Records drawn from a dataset
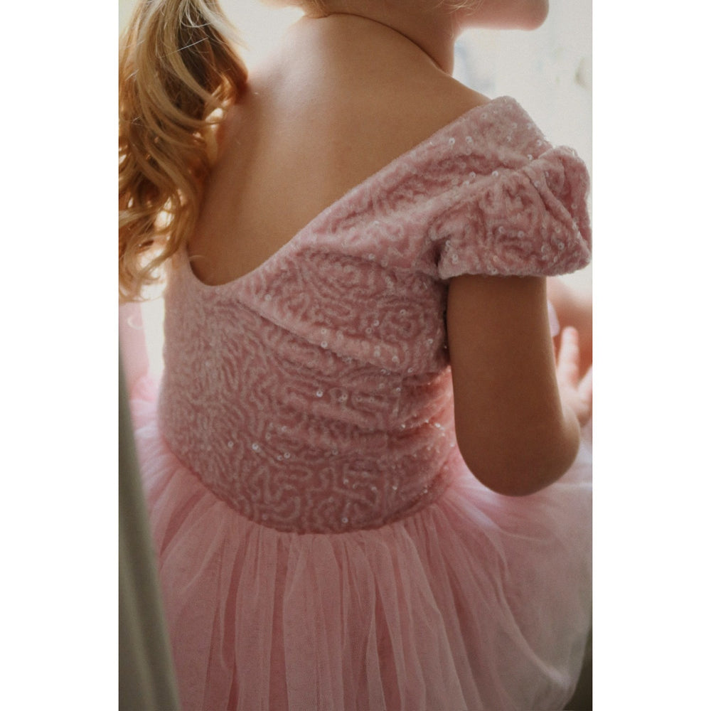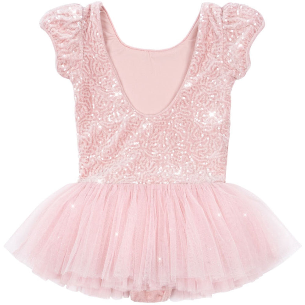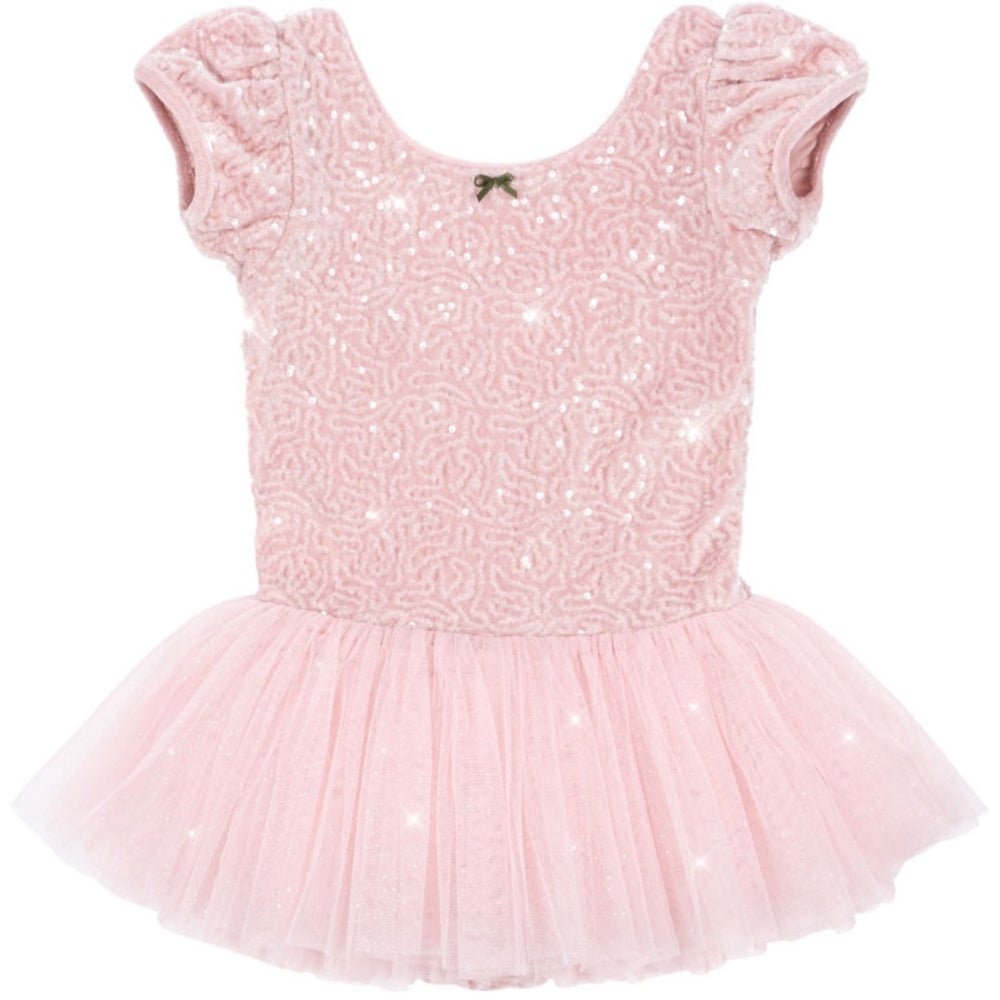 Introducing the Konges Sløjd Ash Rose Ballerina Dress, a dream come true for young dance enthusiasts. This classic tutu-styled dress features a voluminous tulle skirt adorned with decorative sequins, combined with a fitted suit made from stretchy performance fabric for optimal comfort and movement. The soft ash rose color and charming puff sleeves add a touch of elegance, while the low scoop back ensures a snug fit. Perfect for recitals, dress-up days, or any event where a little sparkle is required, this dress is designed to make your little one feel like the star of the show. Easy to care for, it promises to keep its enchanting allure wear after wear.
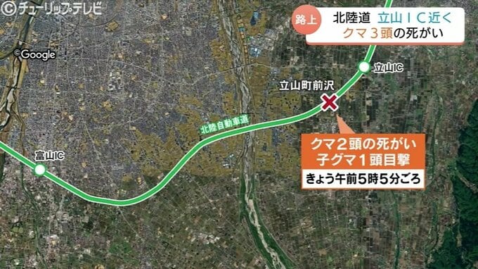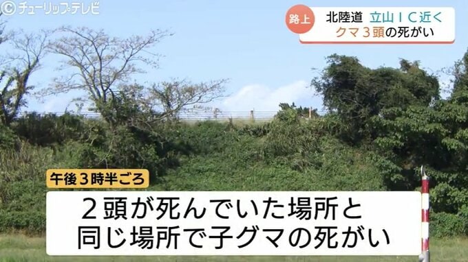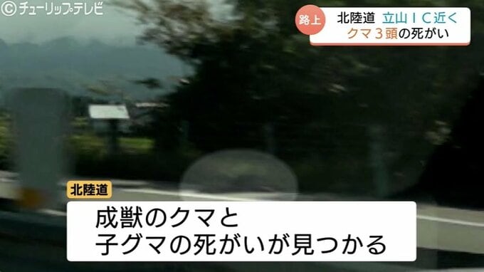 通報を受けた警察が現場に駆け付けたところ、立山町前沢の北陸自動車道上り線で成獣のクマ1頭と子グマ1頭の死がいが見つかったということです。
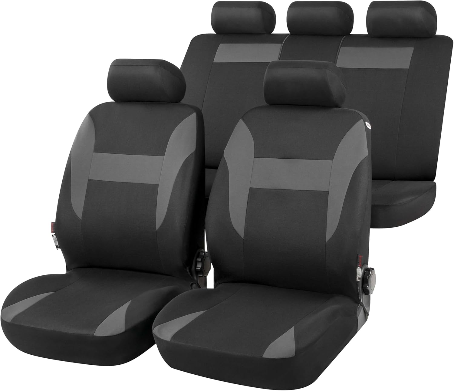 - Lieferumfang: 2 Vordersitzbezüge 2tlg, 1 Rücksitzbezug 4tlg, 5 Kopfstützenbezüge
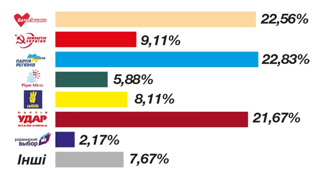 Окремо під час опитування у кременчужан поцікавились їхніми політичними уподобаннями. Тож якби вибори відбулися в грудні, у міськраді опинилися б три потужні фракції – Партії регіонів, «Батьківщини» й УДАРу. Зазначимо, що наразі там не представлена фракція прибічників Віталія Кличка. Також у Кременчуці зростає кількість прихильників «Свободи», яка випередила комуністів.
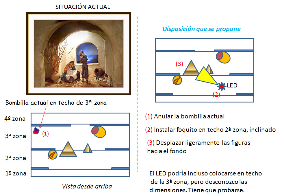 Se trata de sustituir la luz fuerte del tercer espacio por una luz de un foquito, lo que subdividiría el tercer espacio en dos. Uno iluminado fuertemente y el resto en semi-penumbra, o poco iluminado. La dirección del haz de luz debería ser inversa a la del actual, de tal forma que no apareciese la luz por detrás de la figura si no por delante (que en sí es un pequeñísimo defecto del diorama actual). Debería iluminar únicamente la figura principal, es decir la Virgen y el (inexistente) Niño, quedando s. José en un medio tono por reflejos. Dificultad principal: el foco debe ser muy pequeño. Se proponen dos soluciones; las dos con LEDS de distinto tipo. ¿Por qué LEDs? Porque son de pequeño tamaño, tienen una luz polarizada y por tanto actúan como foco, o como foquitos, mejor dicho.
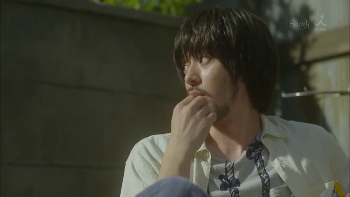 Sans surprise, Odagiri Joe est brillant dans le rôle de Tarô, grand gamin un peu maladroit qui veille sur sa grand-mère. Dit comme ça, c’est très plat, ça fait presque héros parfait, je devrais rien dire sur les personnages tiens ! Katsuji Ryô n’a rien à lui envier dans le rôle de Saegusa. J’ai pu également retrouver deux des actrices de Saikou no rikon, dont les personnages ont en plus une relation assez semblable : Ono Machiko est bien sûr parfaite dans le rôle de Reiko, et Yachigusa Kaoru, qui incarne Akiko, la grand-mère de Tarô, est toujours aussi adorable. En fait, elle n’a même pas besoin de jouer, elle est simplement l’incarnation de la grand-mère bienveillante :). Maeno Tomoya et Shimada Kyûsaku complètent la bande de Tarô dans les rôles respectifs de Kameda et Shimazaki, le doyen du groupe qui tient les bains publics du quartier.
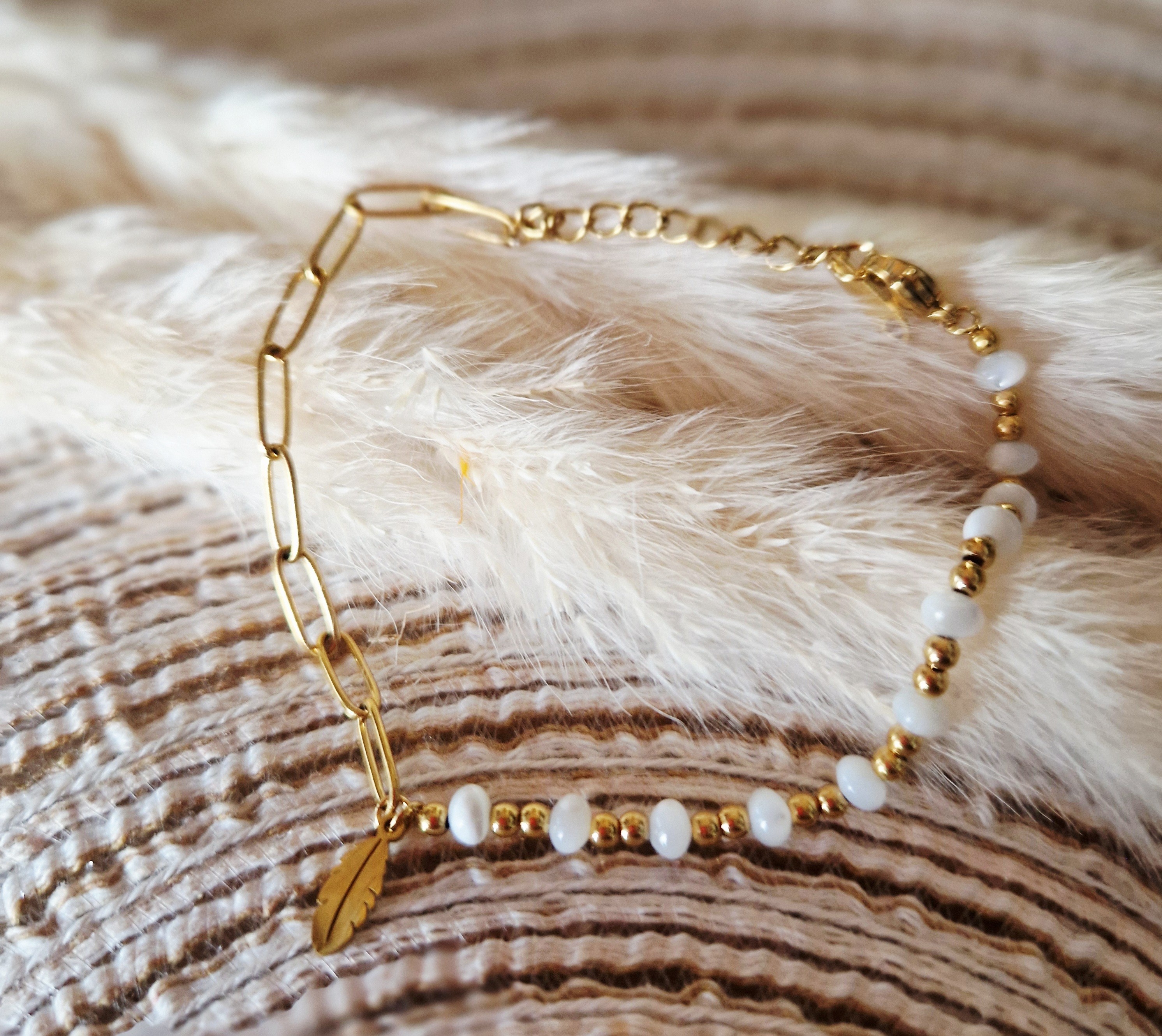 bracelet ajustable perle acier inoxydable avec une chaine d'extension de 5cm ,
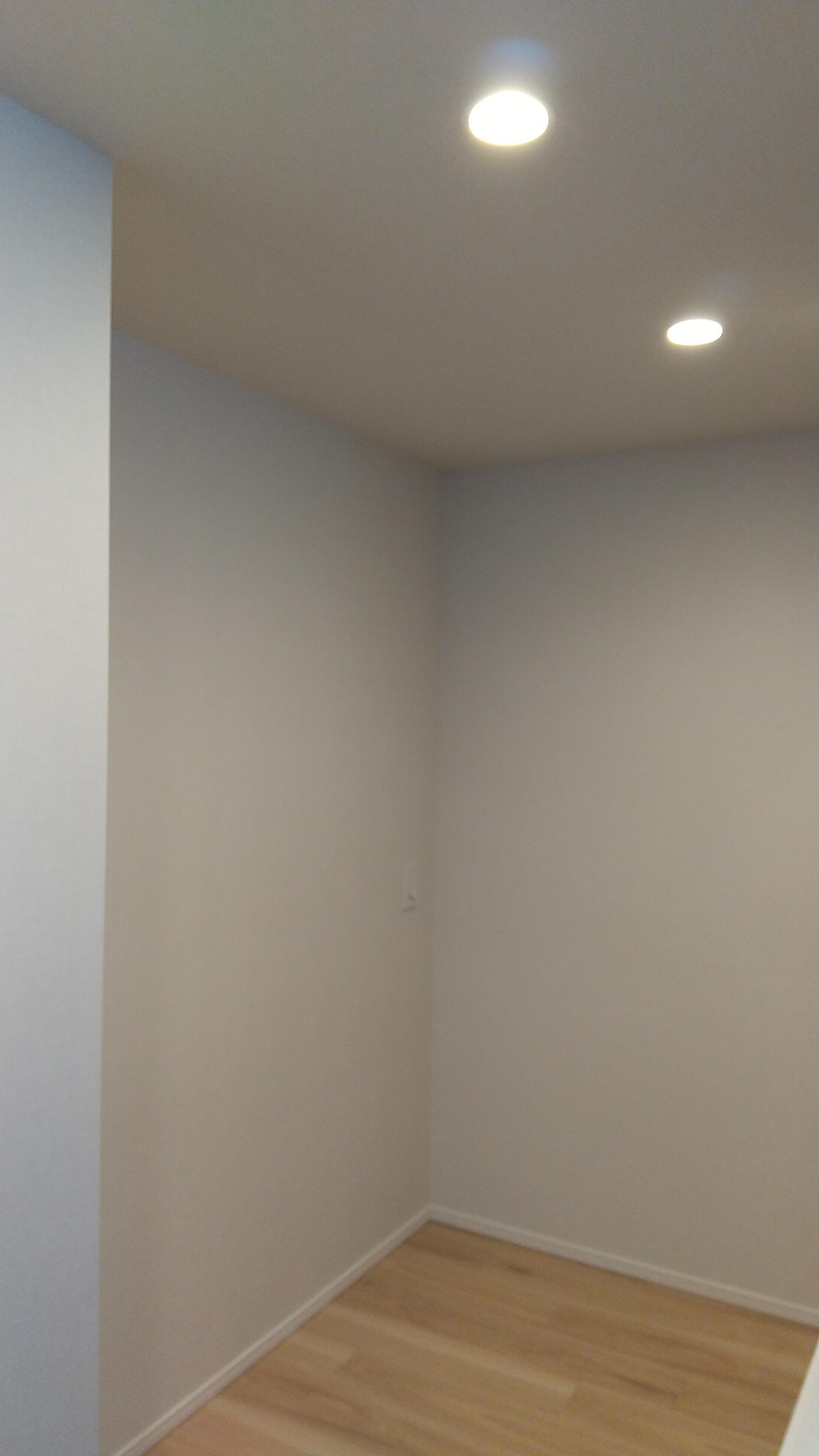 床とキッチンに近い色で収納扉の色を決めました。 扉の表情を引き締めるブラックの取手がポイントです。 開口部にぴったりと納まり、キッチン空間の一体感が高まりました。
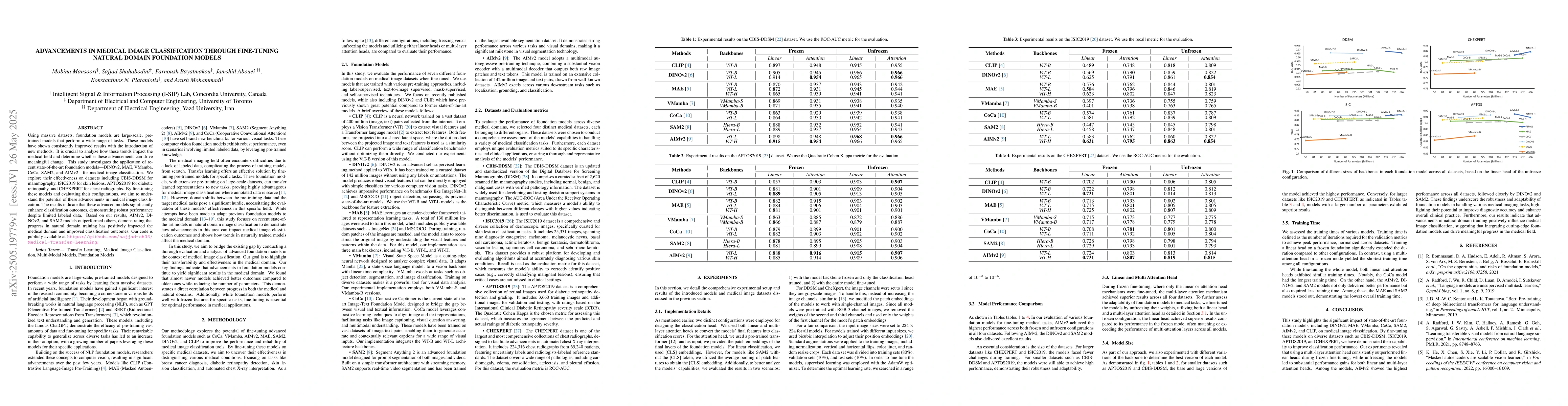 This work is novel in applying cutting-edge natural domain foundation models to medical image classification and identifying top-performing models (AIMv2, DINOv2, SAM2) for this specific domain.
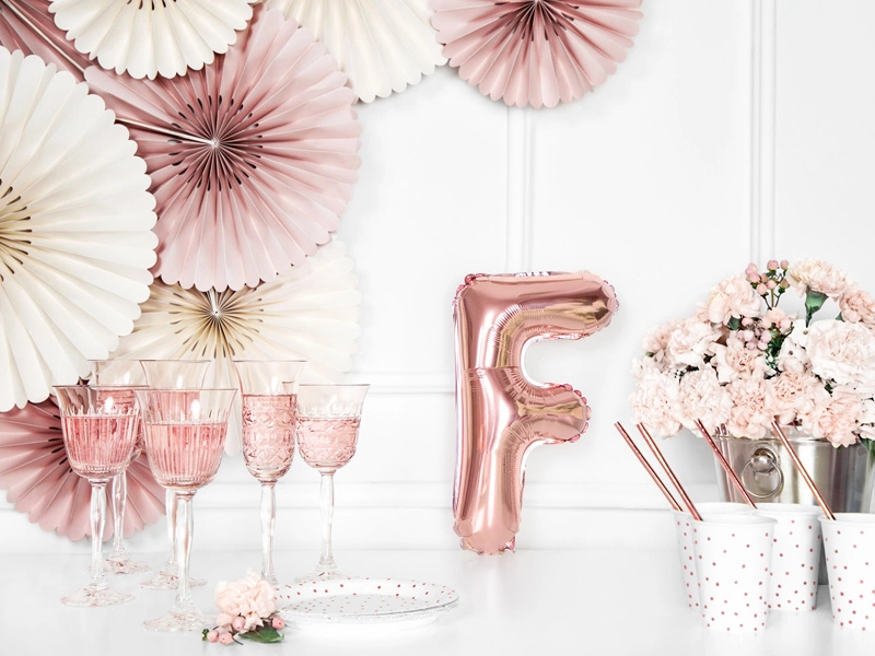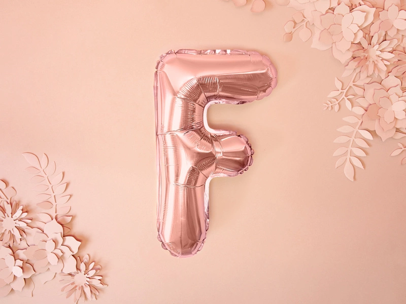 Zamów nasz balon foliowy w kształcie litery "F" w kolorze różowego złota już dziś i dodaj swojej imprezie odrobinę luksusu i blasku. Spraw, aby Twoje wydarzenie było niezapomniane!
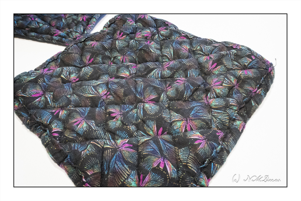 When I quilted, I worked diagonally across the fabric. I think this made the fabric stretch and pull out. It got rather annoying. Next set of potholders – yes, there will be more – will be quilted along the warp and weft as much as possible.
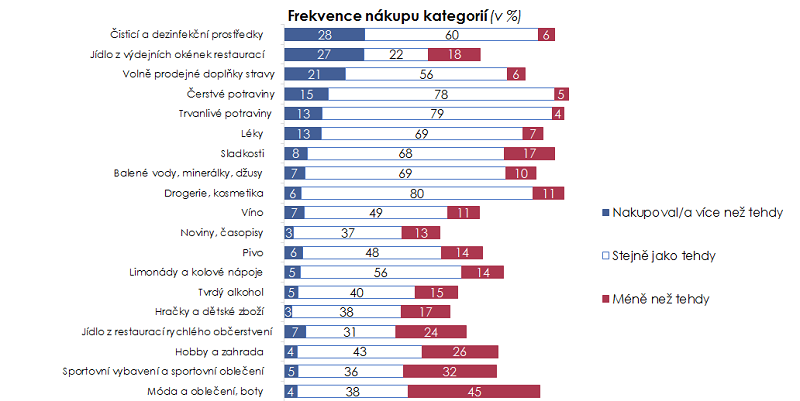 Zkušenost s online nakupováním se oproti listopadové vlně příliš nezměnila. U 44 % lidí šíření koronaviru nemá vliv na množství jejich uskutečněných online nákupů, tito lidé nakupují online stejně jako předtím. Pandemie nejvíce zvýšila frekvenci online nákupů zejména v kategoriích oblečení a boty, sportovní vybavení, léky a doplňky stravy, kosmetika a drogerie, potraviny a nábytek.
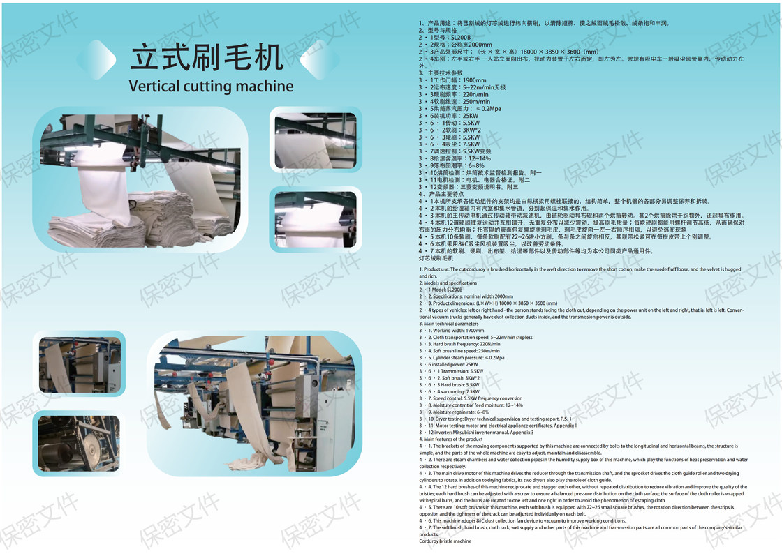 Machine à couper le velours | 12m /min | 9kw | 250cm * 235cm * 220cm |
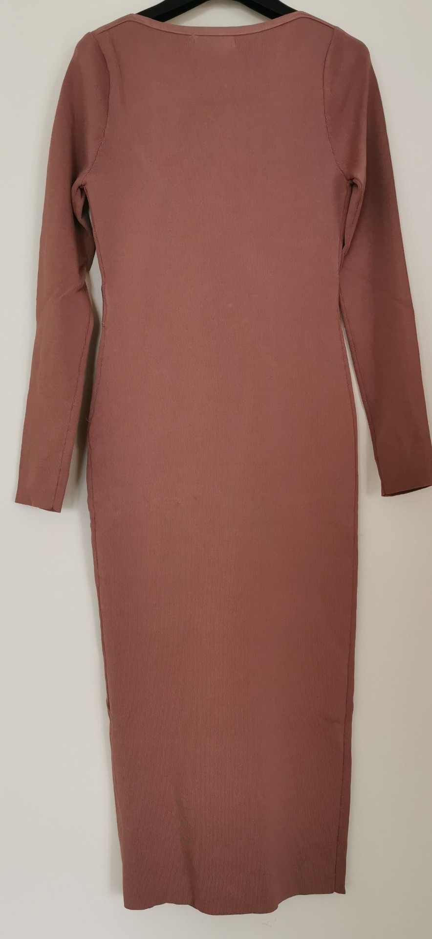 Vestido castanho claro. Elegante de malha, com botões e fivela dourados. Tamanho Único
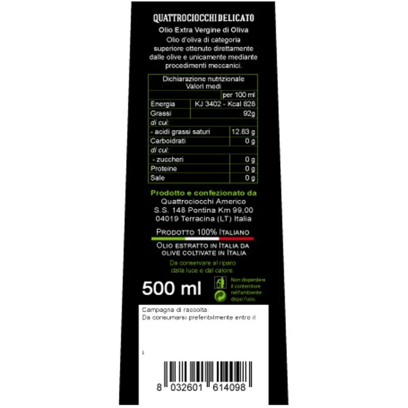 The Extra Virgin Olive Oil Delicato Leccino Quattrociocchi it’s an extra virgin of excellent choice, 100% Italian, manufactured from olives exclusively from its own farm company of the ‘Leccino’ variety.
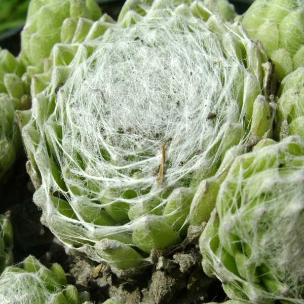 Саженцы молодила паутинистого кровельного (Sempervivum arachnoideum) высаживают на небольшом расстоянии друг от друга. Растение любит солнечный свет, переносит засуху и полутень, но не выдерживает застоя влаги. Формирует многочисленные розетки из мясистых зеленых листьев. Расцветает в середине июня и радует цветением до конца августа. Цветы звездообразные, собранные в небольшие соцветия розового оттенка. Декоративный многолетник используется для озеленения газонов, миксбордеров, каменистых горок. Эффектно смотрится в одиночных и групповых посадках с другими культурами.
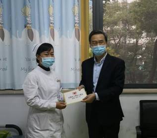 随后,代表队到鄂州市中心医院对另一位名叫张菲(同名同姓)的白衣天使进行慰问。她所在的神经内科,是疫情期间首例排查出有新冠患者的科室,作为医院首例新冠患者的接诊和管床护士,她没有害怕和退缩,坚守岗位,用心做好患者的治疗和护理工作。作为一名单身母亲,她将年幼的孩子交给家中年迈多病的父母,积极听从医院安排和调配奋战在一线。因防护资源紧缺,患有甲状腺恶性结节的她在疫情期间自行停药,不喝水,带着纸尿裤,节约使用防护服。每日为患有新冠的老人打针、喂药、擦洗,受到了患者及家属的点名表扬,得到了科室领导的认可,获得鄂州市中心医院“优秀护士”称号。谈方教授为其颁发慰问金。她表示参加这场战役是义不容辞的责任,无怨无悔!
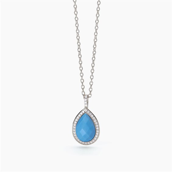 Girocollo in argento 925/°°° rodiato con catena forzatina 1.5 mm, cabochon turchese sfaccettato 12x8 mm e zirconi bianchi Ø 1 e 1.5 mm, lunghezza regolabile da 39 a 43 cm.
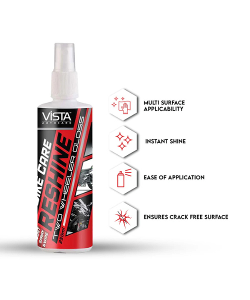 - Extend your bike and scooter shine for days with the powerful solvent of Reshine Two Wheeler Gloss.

To do
Return exactly the lines above, from the one with "bracelet ajustable perle" up to and including the one with "The Extra Virgin", and include no pictures.

The completed task
 bracelet ajustable perle acier inoxydable avec une chaine d'extension de 5cm ,
 床とキッチンに近い色で収納扉の色を決めました。 扉の表情を引き締めるブラックの取手がポイントです。 開口部にぴったりと納まり、キッチン空間の一体感が高まりました。
 This work is novel in applying cutting-edge natural domain foundation models to medical image classification and identifying top-performing models (AIMv2, DINOv2, SAM2) for this specific domain.
 Zamów nasz balon foliowy w kształcie litery "F" w kolorze różowego złota już dziś i dodaj swojej imprezie odrobinę luksusu i blasku. Spraw, aby Twoje wydarzenie było niezapomniane!
 When I quilted, I worked diagonally across the fabric. I think this made the fabric stretch and pull out. It got rather annoying. Next set of potholders – yes, there will be more – will be quilted along the warp and weft as much as possible.
 Zkušenost s online nakupováním se oproti listopadové vlně příliš nezměnila. U 44 % lidí šíření koronaviru nemá vliv na množství jejich uskutečněných online nákupů, tito lidé nakupují online stejně jako předtím. Pandemie nejvíce zvýšila frekvenci online nákupů zejména v kategoriích oblečení a boty, sportovní vybavení, léky a doplňky stravy, kosmetika a drogerie, potraviny a nábytek.
 Machine à couper le velours | 12m /min | 9kw | 250cm * 235cm * 220cm |
 Vestido castanho claro. Elegante de malha, com botões e fivela dourados. Tamanho Único
 The Extra Virgin Olive Oil Delicato Leccino Quattrociocchi it’s an extra virgin of excellent choice, 100% Italian, manufactured from olives exclusively from its own farm company of the ‘Leccino’ variety.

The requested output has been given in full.